» SUPPLIED DATA:

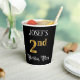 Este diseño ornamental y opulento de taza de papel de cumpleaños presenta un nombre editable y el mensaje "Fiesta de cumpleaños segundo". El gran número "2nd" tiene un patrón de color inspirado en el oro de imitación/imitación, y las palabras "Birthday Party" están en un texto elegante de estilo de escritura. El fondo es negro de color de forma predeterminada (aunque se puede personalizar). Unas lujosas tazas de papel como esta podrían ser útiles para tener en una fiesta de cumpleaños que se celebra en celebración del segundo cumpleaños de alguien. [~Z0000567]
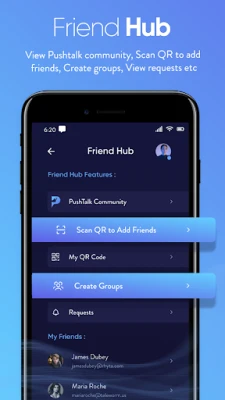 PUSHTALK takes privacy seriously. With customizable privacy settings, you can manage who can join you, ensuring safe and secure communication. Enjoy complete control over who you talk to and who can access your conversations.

...

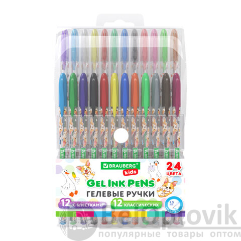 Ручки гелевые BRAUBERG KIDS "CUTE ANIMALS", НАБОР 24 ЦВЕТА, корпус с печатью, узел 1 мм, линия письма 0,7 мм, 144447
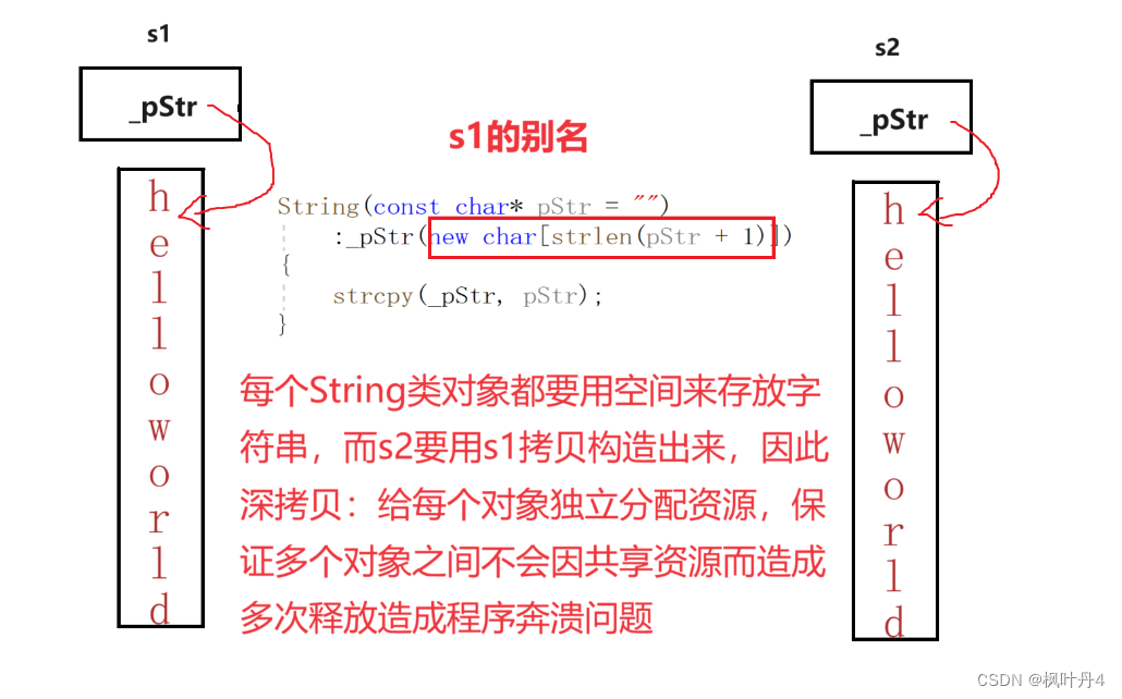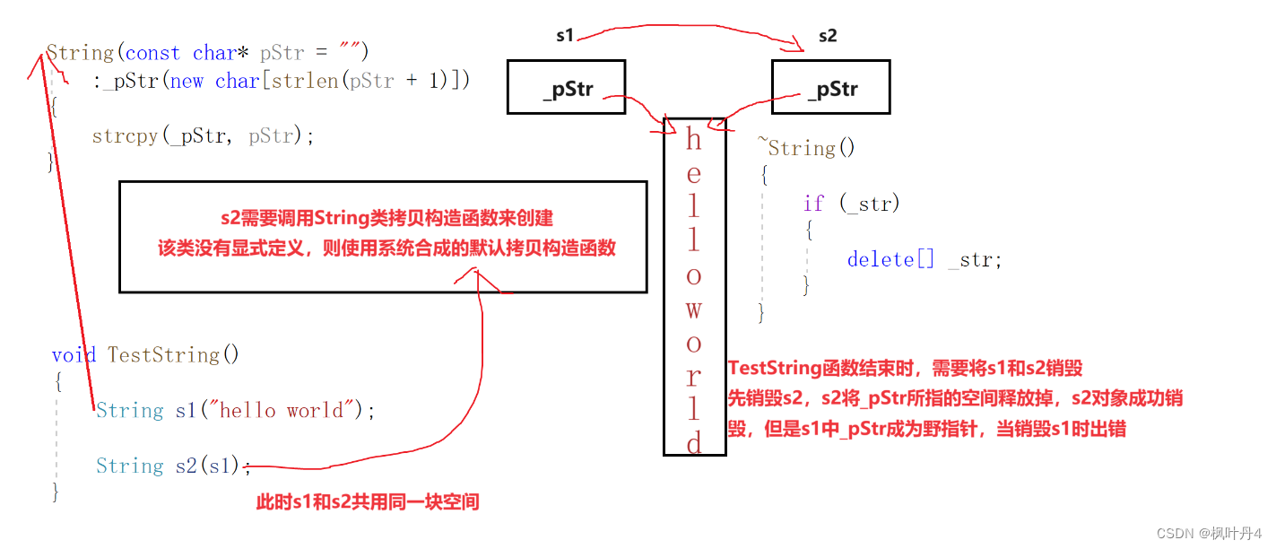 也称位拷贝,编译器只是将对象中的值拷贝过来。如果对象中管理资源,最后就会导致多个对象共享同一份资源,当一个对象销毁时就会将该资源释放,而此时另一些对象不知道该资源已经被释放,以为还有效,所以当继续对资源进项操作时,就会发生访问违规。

* * *

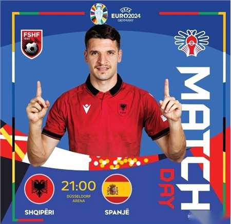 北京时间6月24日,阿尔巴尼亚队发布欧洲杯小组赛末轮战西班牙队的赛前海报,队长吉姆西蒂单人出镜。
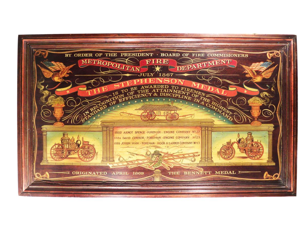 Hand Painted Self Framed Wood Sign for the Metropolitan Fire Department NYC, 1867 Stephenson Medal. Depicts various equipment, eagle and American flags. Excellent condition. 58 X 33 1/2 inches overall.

» WHAT IS NEEDED:
The response must repeat exactly the lines above from the one with "北京时间6月24日,阿尔巴尼" through the one with "Hand Painted Self", including both, and must contain no pictures and no other text.

» EXERCISE RESPONSE:
 北京时间6月24日,阿尔巴尼亚队发布欧洲杯小组赛末轮战西班牙队的赛前海报,队长吉姆西蒂单人出镜。
 Hand Painted Self Framed Wood Sign for the Metropolitan Fire Department NYC, 1867 Stephenson Medal. Depicts various equipment, eagle and American flags. Excellent condition. 58 X 33 1/2 inches overall.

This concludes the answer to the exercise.